L’apaisement affiché il y a quinze jours à Bruxelles n’aura été qu’une trêve éphémère. La conférence de soutien à la paix dans la région des Grands Lacs, organisée à Paris le 30 octobre, a au contraire ravivé l’affrontement diplomatique entre la République démocratique du Congo et le Rwanda. Devant Emmanuel Macron et une soixantaine de délégations internationales, les représentants des deux pays se sont livrés à une passe d’armes verbale qui enterre toute perspective de dialogue immédiat.
Le président congolais Félix Tshisekedi a profité de cette tribune internationale pour accuser frontalement Kigali de soutenir “sur les plans logistique, financier et opérationnel” le mouvement rebelle AFC/M23. Il a invoqué la résolution 2773 du Conseil de sécurité de l’ONU, qu’il a qualifiée d'”impératif juridique et politique”, exigeant son application immédiate. Le chef de l’État congolais a appelé tous les partenaires présents à soutenir “clairement et sans ambiguïté” le retrait du M23 des zones occupées et le départ des “forces étrangères non invitées” du territoire congolais.
Cette crise s’inscrit dans un cycle de tensions récurrentes entre les deux pays depuis près de trente ans. L’est de la RDC reste le théâtre de conflits complexes où se mêlent enjeux ethniques, lutte pour le contrôle des ressources minières et influences régionales. Le Rwanda, régulièrement accusé par l’ONU et les organisations internationales de soutenir les rebelles du M23, justifie ses interventions par la nécessité de protéger ses frontières contre des groupes armés hostiles. Les multiples processus de paix, de Luanda à Nairobi, n’ont jusqu’ici apporté que des solutions temporaires.
Les perspectives de résolution rapide du conflit apparaissent compromises. Les deux processus diplomatiques en cours, à Washington et à Doha, connaissent des blocages significatifs. La question humanitaire, notamment la réouverture de l’aéroport de Goma, est devenue un sujet de discorde supplémentaire. Les observateurs s’accordent sur une probable prolongation de l’impasse, les positions semblant se durcir de part et d’autre malgré la pression internationale.

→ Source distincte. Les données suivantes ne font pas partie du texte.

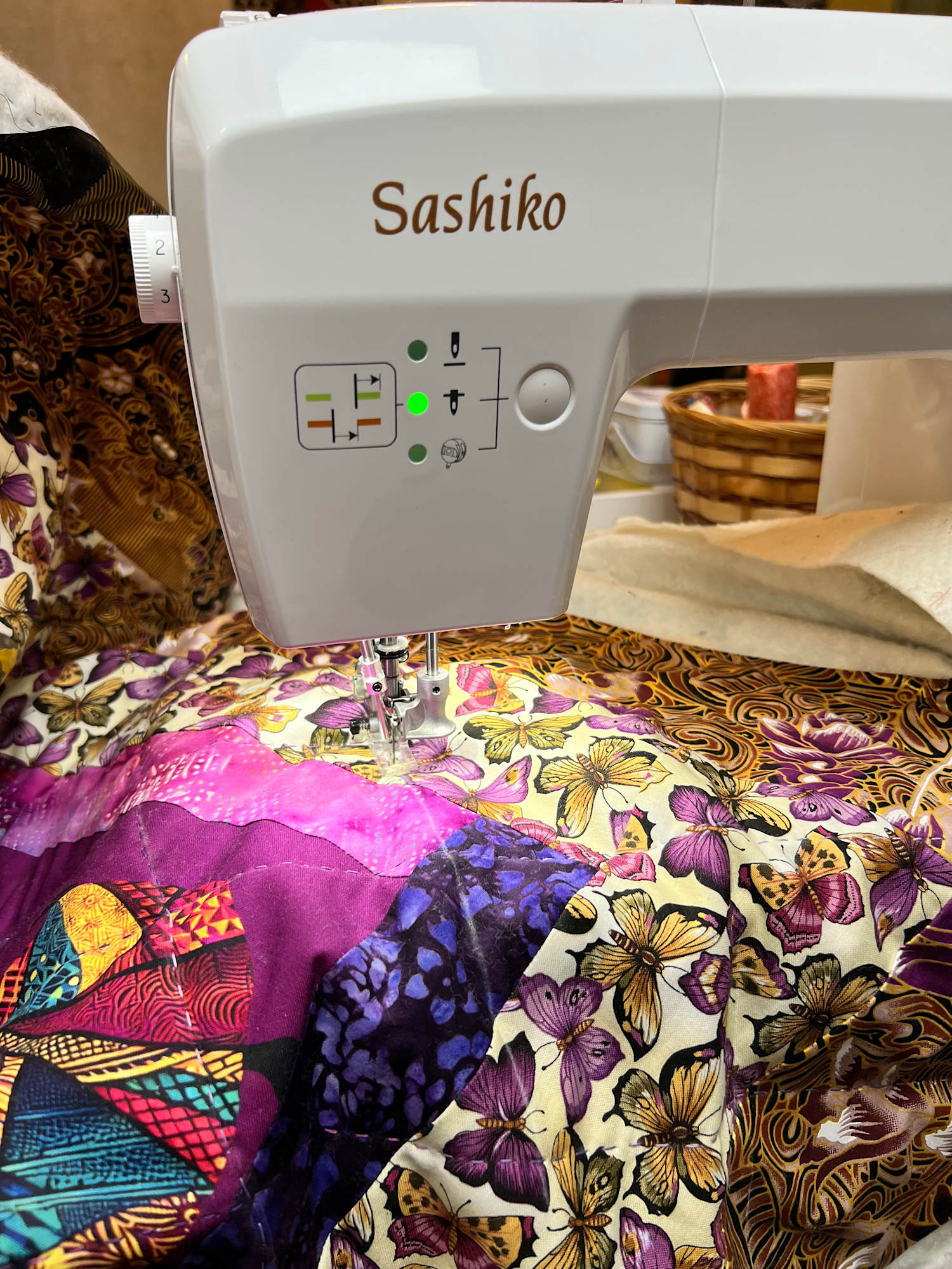 I quilted the quilt on my new Sashiko machine. It creates a stitch that mimics the look of hand quilting which I love. I quilted “Look Good. Feel Good. Do Good. #4 in a diagonal pattern in purple variegated thread. The big stitches become a design element.

L’annonce par Emmanuel Macron de la réouverture prochaine de l’aéroport de Goma a immédiatement suscité des réactions contrastées. Le M23 a qualifié cette initiative “d’inopportune”, tandis que Kigali a estimé que la question devait être traitée à Doha plutôt qu’à Paris. Dans les cercles diplomatiques, on évoque désormais un calendrier de plusieurs mois plutôt que de quelques semaines pour une éventuelle reprise des vols humanitaires.
Plusieurs alternatives sont actuellement à l’étude pour pallier la fermeture de l’aéroport de Goma. Des vols humanitaires légers, utilisant des hélicoptères, des petits avions ou même des drones cargo, constituent une piste privilégiée. L’utilisation temporaire de l’aéroport de Gisenyi au Rwanda ou de celui de Bukavu en RDC est également discutée. Cependant, ces solutions techniques se heurtent à des considérations politiques, le M23 affirmant qu’il n’existe plus d’urgence humanitaire dans les zones sous son contrôle.
La conférence de Paris aura surtout mis en lumière la profonde défiance entre les parties. Le ministre rwandais des Affaires étrangères, Olivier Nduhungirehe, a dénoncé un exercice déséquilibré où le président congolais aurait eu toute latitude pour formuler des accusations contre le Rwanda. Cette nouvelle passe d’armes diplomatique laisse présager une intensification des tensions sur le terrain, où les affrontements ont déjà repris, malgré les efforts de médiation internationale.